Family history of aortic dissection is not a risk factor in Marfan syndrome with a FBN1 gene mutation

Background A history family of aortic dissection was considered as a risk factor for aortic dissection in patients with Marfan syndrome with a FBN1 mutation. Objectives Evaluate whether a family history of aortic dissection is a risk marker for dissection in this population Methods Retrospective study of patients coming to the reference centre between 1996 and 2018, carrying a FBN1 gene mutation. Pedigrees were obtained for each patient, and familial screening actively pursued. Patients with a family history of aortic dissection were compared with patients without family history of aortic dissection.

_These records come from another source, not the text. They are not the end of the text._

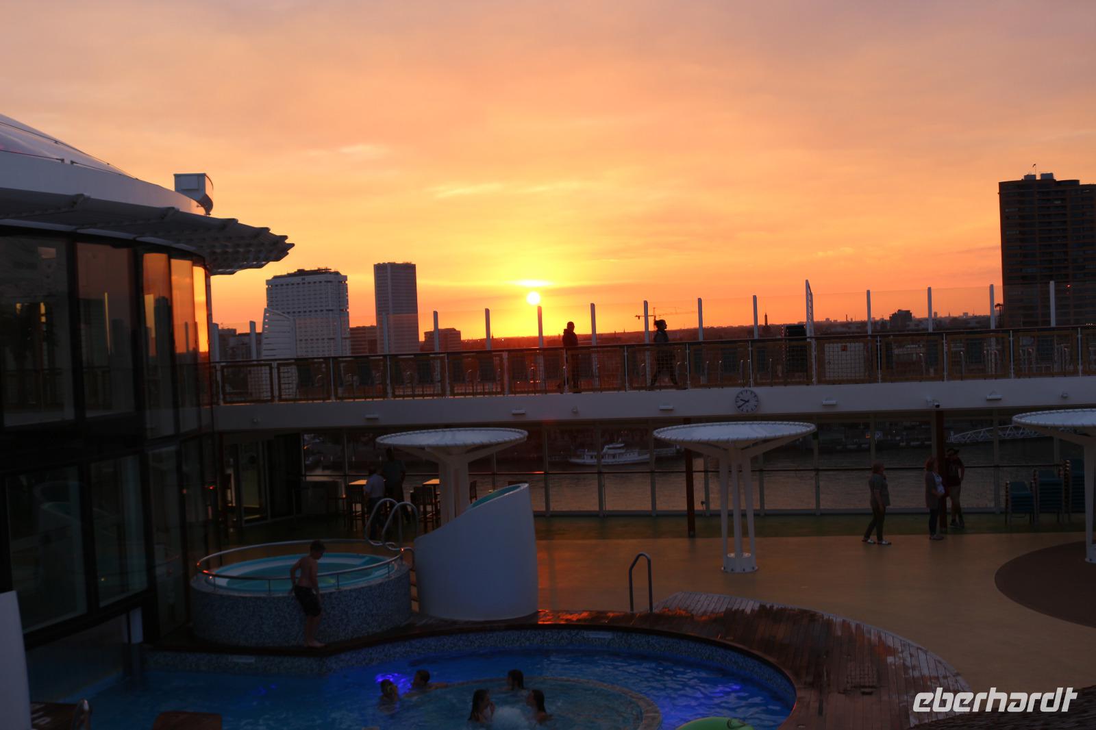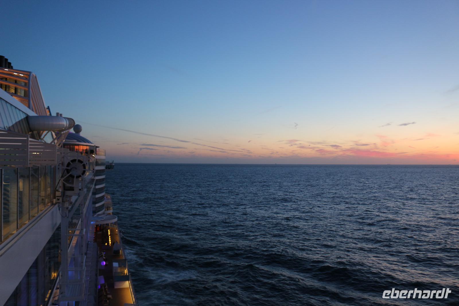 Am Morgen verließ unser Schiff den Hafen von Rotterdam. Ein letztes Mal ertönte nun die uns so lieb gewordene Melodie des Liedes „Sail Away" von Enya. Der heutige Tag stand jedem zur freien Verfügung, um die Annehmlichkeiten an Bord zu genießen. Nach dem Frühstück bestand so die Möglichkeit, die vielfältigen Sport- und Unterhaltungsangebote zu nutzen oder im Wellness- und SPA-Bereich zu entspannen. 12.00 Uhr trafen wir uns am altbekannten Treffpunkt, dem Pier 3 Market by Starbucks, um die Abreise am folgenden Tag zu besprechen. Im Anschluss stand an Vielzahl an Restaurants zur Auswahl, um ein Mittagessen zu genießen. Nach freien Stunden am Nachmittag trafen wir uns 18.00 Uhr wieder im Theatrium zur bereits angekündigten Überraschung. Es gab schon viele Ideen, was uns nun erwarten würde, aber die meisten lagen weit daneben. Zunächst hatten wir die Möglichkeit, an der Nautischen Fragestunde teilzunehmen, wo beispielsweise Fragen zur GPS-Steuerung sowie zur Piraterie beantwortet wurden. Anschließend wurden wir vom Hotelmanager abgeholt und alle erfuhren, was sie erwartete: ein Foto mit dem Kapitän. Wir wurden zur Plaza gebracht, wo uns wenig später der Kapitän empfing. Wir platzierten uns für das Foto, während die Fotografin das noch notwenige Equipment organisierte und die letzten Feineinstellungen traf. Währenddessen wurden wir auch von den vorbeikommenden Passagieren mehrfach fotografiert, sodass wir uns wie VIPs fühlen konnten. Schließlich entstand ein gelungenes Foto, bevor sich der Kapitän schließlich wieder verabschiedete und uns noch eine schöne Reise wünschte. Ein großer Teil der Gruppe ging nun zum Restaurant Casa Nova, wo für uns Tische reserviert waren. Wir genossen ein sehr schmackhaftes 3-Gang-Menü, welches uns serviert wurde und ließen den Abend in sehr angenehmer Atmosphäre ausklingen. Anschließend zog es wieder einige ins Brauhaus, um bei einem leckeren Zwickl-Bier und dem einen oder anderen Tänzchen unsere wunderschöne Reise ausklingen zu lassen.
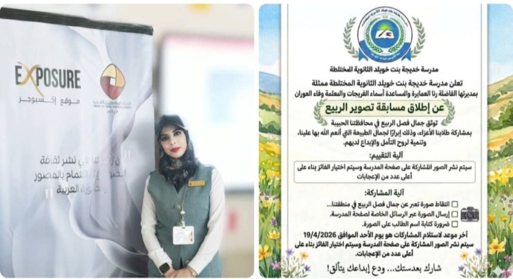 مسابقة التصوير الفوتوغرافي عن محور تصوير الربيع وتجسيداً لدور اتحاد المصورين العرب في رعاية الحركة الفوتوغرافية ودعم الطاقات الشابة، شاركت الأستاذة الفوتوغرافية تهاني المرافي، ممثلة الاتحاد عن إقليم الجنوب، في لجنة تحكيم وترشيح الأعمال المصورة المقدمة من الطلبة المبدعين.
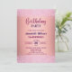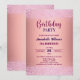 A modern design featuring elegant calligraphy on a pink metallic background with rose glitter. Customize the details for a chic Birthday Celebration.
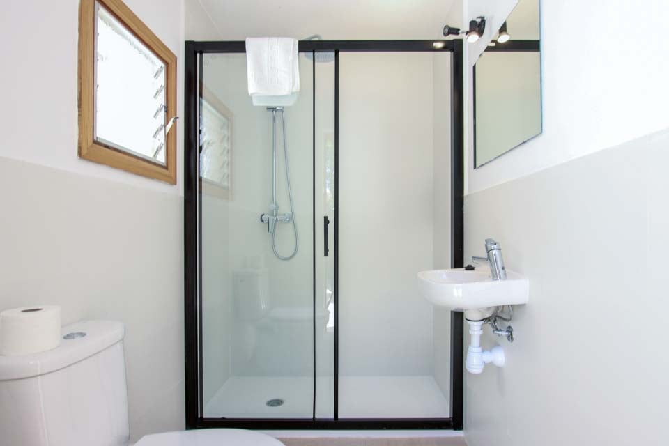 Sisällä viihtyisä olohuone, jossa on palkit kattoon ja puiset ikkunat, johtaa ruokailutilaan ja sitä kautta keittiöön. Täysin varustellussa keittiössä on kaikki tarvittavat kodinkoneet, kuten jääkaappipakastin, mikroaaltouuni ja astianpesukone. Makuuhuoneita on yhteensä kolme: yksi parivuode, yksi erillisillä vuoteilla ja yksi makuuhuone, jossa on yhden hengen vuode ja levitettävä sänky kuudennelle vieraalle. Sisällä on perheille tarkoitettu kylpyhuone, kun taas ulkopuolella olevaan suihkutilaan on käytettävä ulkoa.

Results 1700 patients (age 33.2 (±17) years, 51% women) with a FBN1 gene mutation were included. 145 (8,5%) patients underwent aortic dissection at a mean age of 37.9 (±11.4) years and 323 (19%) patients had been operated at 33.8 (±13.9) years. 481 patients had a family history of aortic dissection, including 38 who dissected themselves, and 88 who underwent surgery. 1219 had no family history of aortic dissection, including 107 who dissected themselves, and 235 who underwent surgery. Therefore, the personal risk for aortic dissection was similar in patients with and without a family history of aortic dissection (38/481, i.e. 7.9% vs 107/1219, i.e. 8.8%), as was the personal risk for prophylactic aortic surgery (88/481, i.e. 18.3% vs. 253/1219, i.e. 17.2%), and the risk for either aortic dissection or prophylactic aortic surgery (118/481, i.e. 24.5% vs. 328/1219, i.e. 26.9%). Conclusions In Marfan syndrome with a FBN1 gene mutation, a family history of aortic dissection is not a marker of aortic disease severity. FUNDunding Acknowledgement Type of funding sources: None.